Diesel - Digital transformation

Il direttore creativo Nicola Formichetti e l’architetto Masamichi Katayama sono stati incaricati di ideare il restyling del Diesel Planet in piazza San Babila.

A Milano, che rappresenta la creatività made in Italy e dove c’è la nostra più grande vetrina del mondo, abbiamo voluto lanciare il nuovo progetto pilota digitale che riguarderà tutti gli store Diesel del mondo.

Così sottolinea il CEO Alessandro Bogliolo. Il modello ideato è il digital retail: l’uso di tecnologie d’avanguardia in collaborazione con Samsung e sviluppate insieme all’azienda H-FARM per la parte di system integration accompagnano l’esperienza d’acquisto del cliente rendendola unica e personalizzata. L’esperienza viene arricchita con ulteriori informazioni sul prodotto grazie ai totem informativi all’ingresso, a un tavolo digitale, un display interattivo comandato da uno smartphone e un camerino smart.

Diesel e digital transformation - Store monomarca a Milano

Alla base di tutto c’è la lettura da parte di questi dispositivi, tramite apposite antenne, di un chip presente in ogni capo.

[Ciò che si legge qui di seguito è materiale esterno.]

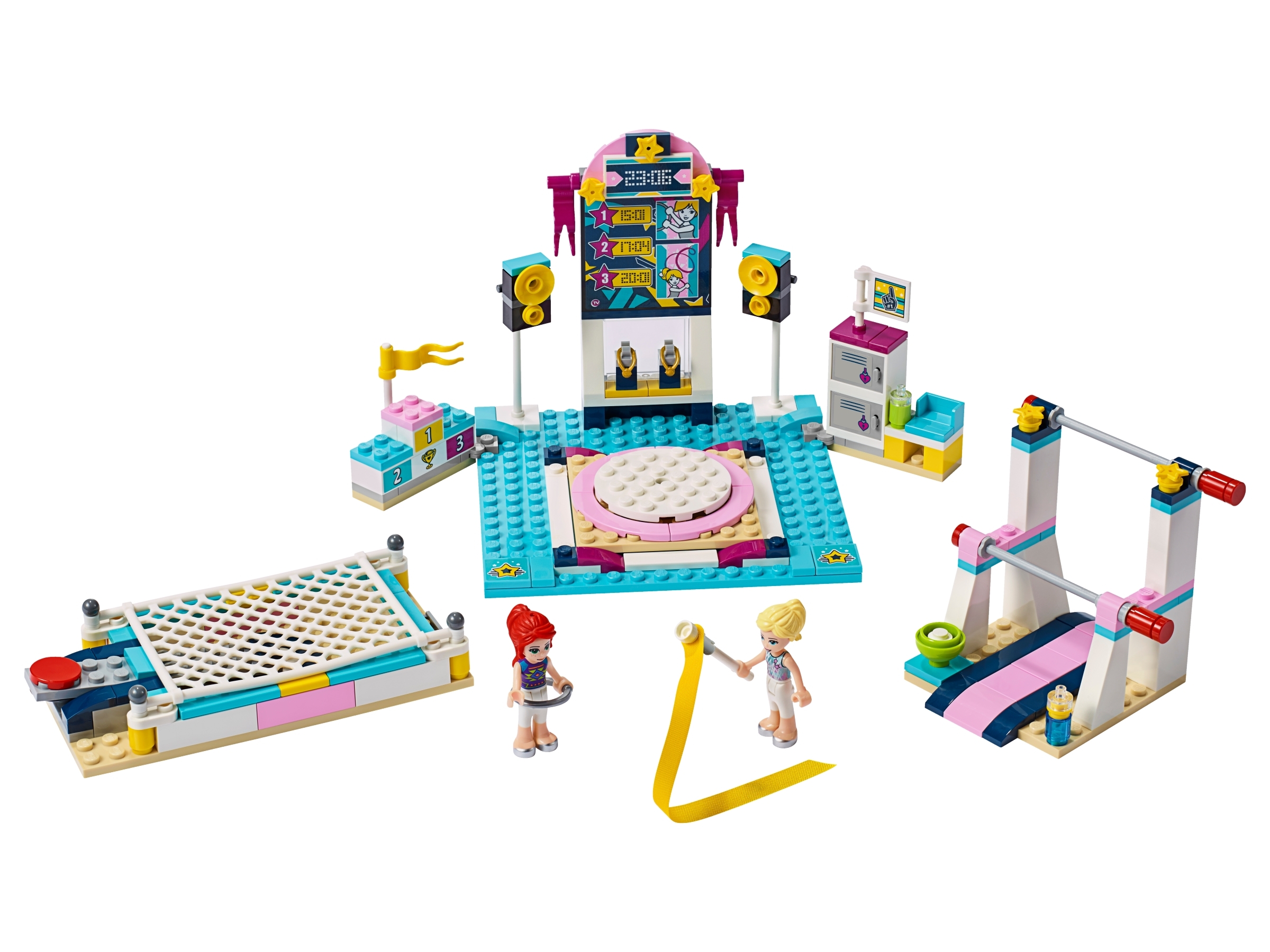 Mit dem LEGO® Friends Set „Stephanies Gymnastik-Show“ (41372) ist Wettstreitzeit. Kinder bekommen mit der vielseitigen Turnhalle endlosen Spaß geschenkt. Das kreative Bauset umfasst 3 Turngeräte: das Trampolin, den Barren und den Turnboden. Jedes kann auf der Hauptbühne befestigt werden, wenn Vorführzeit ist. Das Trampolin weist eine coole Sprungfunktion auf – drücke auf den Knopf, um die Mädchen in die Luft zu schleudern. Am Barren können sie noch mehr Luftkunststücke vorführen: Jeder Holm lässt sich drehen und die Turnerinnen herumwirbeln. Für jede Übung der Mädchen am Boden gibt es ein anderes Zubehör – ein Schwungband und ein Reifen. Durch die drehbare Plattform können die Zuschauer die Wettstreitteilnehmer aus jeder Richtung gut sehen. Nach dem Vorführen können die Teilnehmer zurück in den Umkleideraum gehen, Energie tanken und auf die Ergebnisse warten, bevor sie ihre Medaillen auf dem Siegerpodest entgegennehmen. Mit Instructions PLUS wird jedem LEGO Baumeister ein tolles Bauerlebnis geboten. Diese digitalen Bauanleitungen gibt es jetzt in der LEGO Life App für Smartphones und Tablets. Diese benutzerfreundlichen und intuitiven digitalen Bauanleitungen ermöglichen es den Baumeistern, ihr Modell heranzuzoomen, zu drehen und mithilfe des speziellen Geistermodus zu visualisieren. Instructions PLUS eignet sich zudem perfekt für jüngere Baumeister, da es sie durch den Bauvorgang leitet und ein stärkeres Gefühl der Unabhängigkeit sowie tolle Erfolgserlebnisse bietet. Das Konstruktionsset umfasst 2 Spielfiguren und ermöglicht stundenlanges fantasievolles Spielen.

Il digital table offre una lettura del prodotto, contestualizzandolo alle varie possibilità del suo utilizzo. Anche gli otto camerini smart dispongono di antenne apposite per la lettura dei dati e nel momento in cui vi si accede leggono la carta di identità del capo e propongono a tutto specchio varie opzioni di prodotti da abbinare.

Ultima fase fondamentale è quella che viene definita esperienza mobile: tramite uno smartphone vengono attivate su un display le informazioni relative al comparto jeans. Ad esempio, se è necessario verificare se e dove un capo è presente in stock, il commesso controlla la sua presenza o meno in tempo reale attraverso uno dei venticinque smartphone in dotazione. Il sistema voluto da Diesel fa sì che il cliente possa essere profilato: sarà così possibile per il personale di negozio sapere se è già presente nel database e, di conseguenza, conoscerne i comportamenti per poter offrire un servizio sempre più personalizzato e incentrato sulle abitudini d’acquisto.

Digital transformation nel settore fashion

Concludendo, lungo questo articolo è stato presentato come il mondo fashion (sia fast che luxury) sia molto attento ai vantaggi che l’adozione di innovazioni tecnologiche porta con sé. Ogni brand cerca di ottenere il massimo dei risultati dalla carica rivoluzionaria delle nuove tecnologie, secondo le proprie forze e la propria filosofia. Questo dunque ci fa capire la grande importanza che riveste la formazione di nuove figure in grado di gestire le nuove realtà che si presenteranno durante questa trasformazione. La speranza è perciò che i brand non cadano nell’errore di sottovalutare questo aspetto, perché certo è che la digital transformation non passerà mai di moda.